С проницательностью биолога М. Клемансо прозревает тщетность этих протестов, и в ужасной жестокости Природы он не видит иного облегчения, кроме как в энергичном действии. «Toute âme haute veut être de la mêlée» («Каждая высокая душа хочет быть в схватке»). Самые тревожные эпохи — это битвы за идеал, даже в их худшие моменты. Единственный способ противостоять разрушительной фатальности Природы — это стремиться к улучшению участи человеческого рода. Во всем этом, ткань которого иногда немного растянута, когда она покрывает газетные статьи об освещении Парижа или выставке призовых голубей, М. Клемансо демонстрирует свое страстное желание подчинить все свое писательство набору философских идей. Он всегда считал, что общие импульсы, от которых зависит наше повседневное существование, достигают нас через каналы мысли. Он, следовательно, философ по решимости, и он основывает свою собственную интеллектуальную систему на Пастере и Спенсере, на Дарвине и Дж. С. Милле, на Тэне и Ренане. Я уже говорил об огромном влиянии, которое, очевидно, оказала на Клемансо ранняя и наименее зрелая работа Ренана «Будущее науки». Без сомнения, именно чтение этой замечательной книги побудило Клемансо, уже предвзятого в пользу материализма, перенести на науку всю страсть, которую предыдущее поколение, а со времени его среднего возраста — более позднее поколение, отдавало религии. Должно быть понятно, что он не принадлежит по привычке ума или интеллектуальным стремлениям к характерной французской традиции сегодняшнего дня.

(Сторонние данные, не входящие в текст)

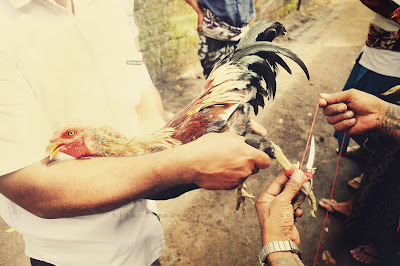 Cockfighting in Bali is known as "Tajen". Derived from the word meaning sharp spurs and has become a hallmark of Balinese life. In the beginning "Tajen" is part of religious rituals "Tabuh Rah" or "Prang Sata" in the Balinese Hinduism. Which "Tabuh Rah" This requires presence of dripping blood as a symbol or a requirement cleanse mankind from greed, or greed of materialistic values and worldly. "Tabuh Rah" is also significant as ritual Bhuta Yadnya which blood drips to the earth symbolized mankind requests to Sang Hyang Widhi Wasa to avoid disaster

Великая заслуга М. Клемансо в бурные годы, когда он владел пером, которое было подобно рапире, заключалась в его бесстрашной и презрительной дерзости. Он сражался в литературе точно так же, как всегда сражался в политике, с видом человека, который не желал примирять своего противника, но всегда третировать его, раздавить весом своего аргумента, а затем пронзить его тело своей иронией. Когда мы перелистываем страницы его книг, которые страдают от неизбежной потери из-за мимолетного характера тем, на которых они главным образом распространяются, мы поражаемся непрестанной ловкости ясного, беспокойного мозга этого человека. Он акробат, непрестанно бросающий себя с воздушной легкостью в какую-то новую невозможную позицию. Статья в день в течение двадцати пяти лет — какая трата жизненной силы, кажется, это суммирует; и все же сегодня, в возрасте семидесяти восьми лет, неутомимый мозг и тело кажутся такими же гибкими, как всегда! Полнота материала в статьях М. Клемансо всегда была предметом изумления для тех, кто знает, сколько умной журналистики относится к тому типу, который Франсиск Сарсе описал, когда сказал: «Вы можете поворачивать кран сколько угодно; если цистерна пуста, ничего, кроме ветра, не выходит!» Но М. Клемансо всегда казался полным, и, сколь обильным ни был выход, у читателя всегда оставалось впечатление, что позади есть гораздо больше.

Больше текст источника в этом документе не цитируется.